> **EXERCISE**
Would you transcribe the whole listing exactly, minus its pictures?

---------- DATA SHOWN

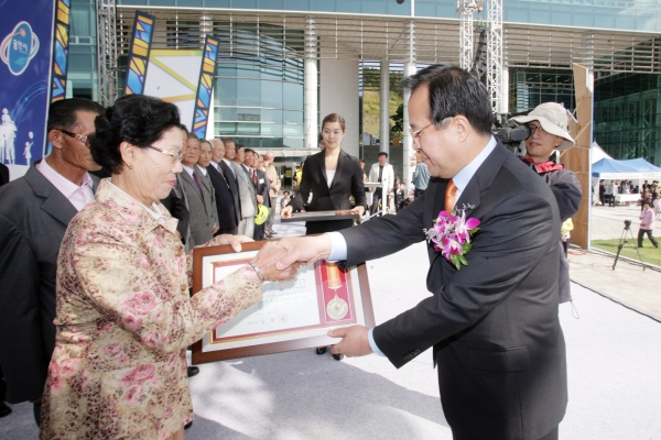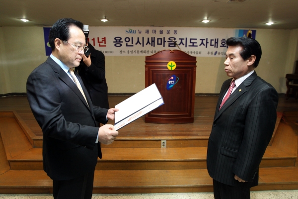 지난 21일 시청 에이스 홀에서 진행된 용인시 노인의 날 기념식 행사 중 김학규 용인시장 상 시상 직전 사회자의 안내 방송내용이다.
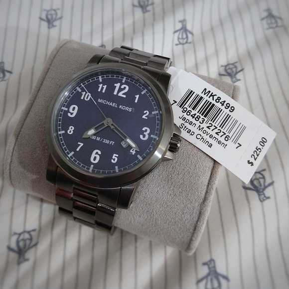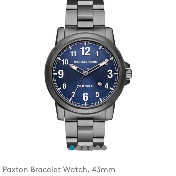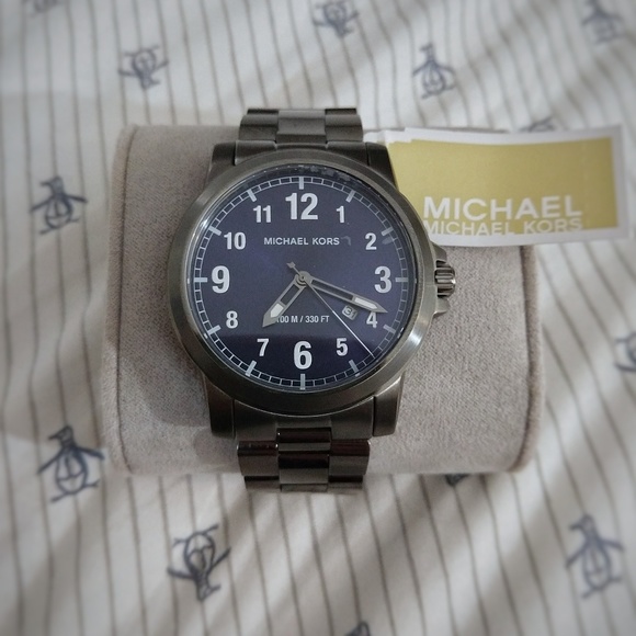 Still brand new, never worn Michael Kors MK men´s watch. New with tags (not attached tag but it´s there so NWT). Bought this and can´t get it to fit well so selling it still new (some links taken out but included). Case Material: Stainless steel Dial Color: Navy blue Movement: Quartz Crystal: Mineral Bracelet Material: Stainless steel Closure Type: Deployant Case Size: 43mm Case Thickness: 10mm Bracelet Width: 22mm Water Resistance: 100 meters
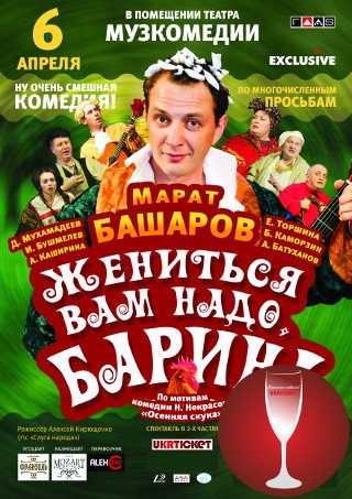 В главной роли Комедийного спектакля "Жениться Вам надо, барин" -Марат Башаров.
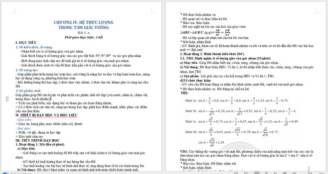 Giáo án toán 9 bài 1 Tỉ số lượng giác của góc nhọn được thiết kế nhằm giúp học sinh bước đầu làm quen với khái niệm lượng giác trong tam giác vuông, nắm vững các tỉ số sin, cos, tan và cot. Nội dung trong giáo án toán này được trình bày mạch lạc, kết hợp với hình ảnh minh họa và bài tập thực tế, giúp thầy cô giảng dạy hiệu quả và học sinh tiếp thu kiến thức một cách trực quan, dễ hiểu.
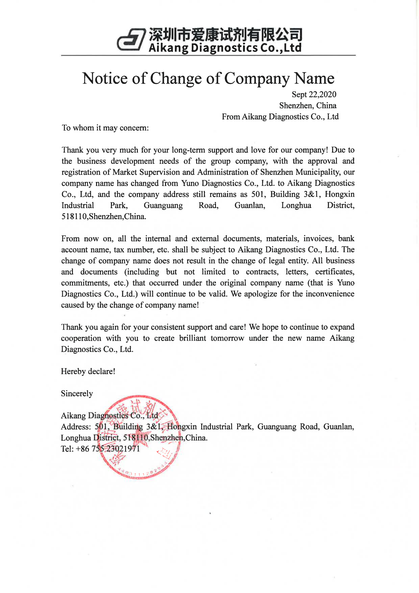 Notice of Change of Company Name
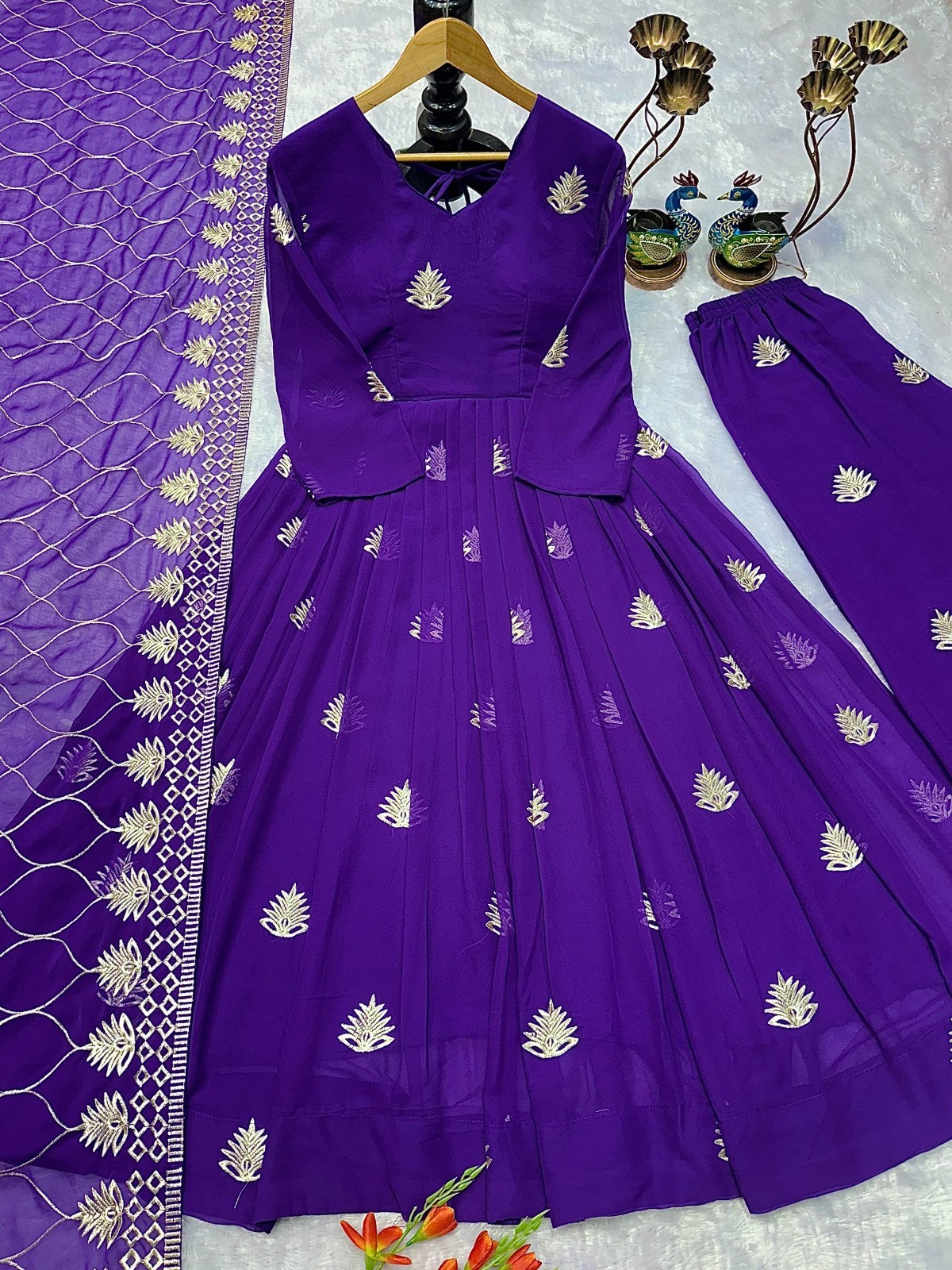 как выглядит Unique Look Purple Faux Georgette Salwar Kameez With Dupatta For Women фото
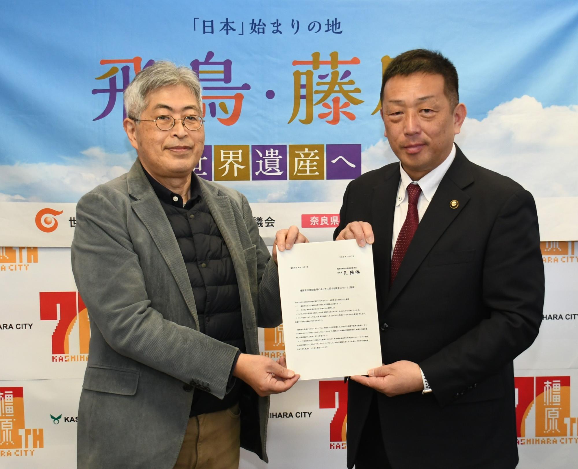 全5回の橿原市補助金等検討委員会の審議が終了し、令和8年2月17日に答申式が開催され、久委員長(写真左)から亀田市長(写真右)に対し、答申が行われました。

--------------------

> **WORKED SOLUTION**
 지난 21일 시청 에이스 홀에서 진행된 용인시 노인의 날 기념식 행사 중 김학규 용인시장 상 시상 직전 사회자의 안내 방송내용이다.
 Still brand new, never worn Michael Kors MK men´s watch. New with tags (not attached tag but it´s there so NWT). Bought this and can´t get it to fit well so selling it still new (some links taken out but included). Case Material: Stainless steel Dial Color: Navy blue Movement: Quartz Crystal: Mineral Bracelet Material: Stainless steel Closure Type: Deployant Case Size: 43mm Case Thickness: 10mm Bracelet Width: 22mm Water Resistance: 100 meters
 В главной роли Комедийного спектакля "Жениться Вам надо, барин" -Марат Башаров.
 Giáo án toán 9 bài 1 Tỉ số lượng giác của góc nhọn được thiết kế nhằm giúp học sinh bước đầu làm quen với khái niệm lượng giác trong tam giác vuông, nắm vững các tỉ số sin, cos, tan và cot. Nội dung trong giáo án toán này được trình bày mạch lạc, kết hợp với hình ảnh minh họa và bài tập thực tế, giúp thầy cô giảng dạy hiệu quả và học sinh tiếp thu kiến thức một cách trực quan, dễ hiểu.
 Notice of Change of Company Name
 как выглядит Unique Look Purple Faux Georgette Salwar Kameez With Dupatta For Women фото
 全5回の橿原市補助金等検討委員会の審議が終了し、令和8年2月17日に答申式が開催され、久委員長(写真左)から亀田市長(写真右)に対し、答申が行われました。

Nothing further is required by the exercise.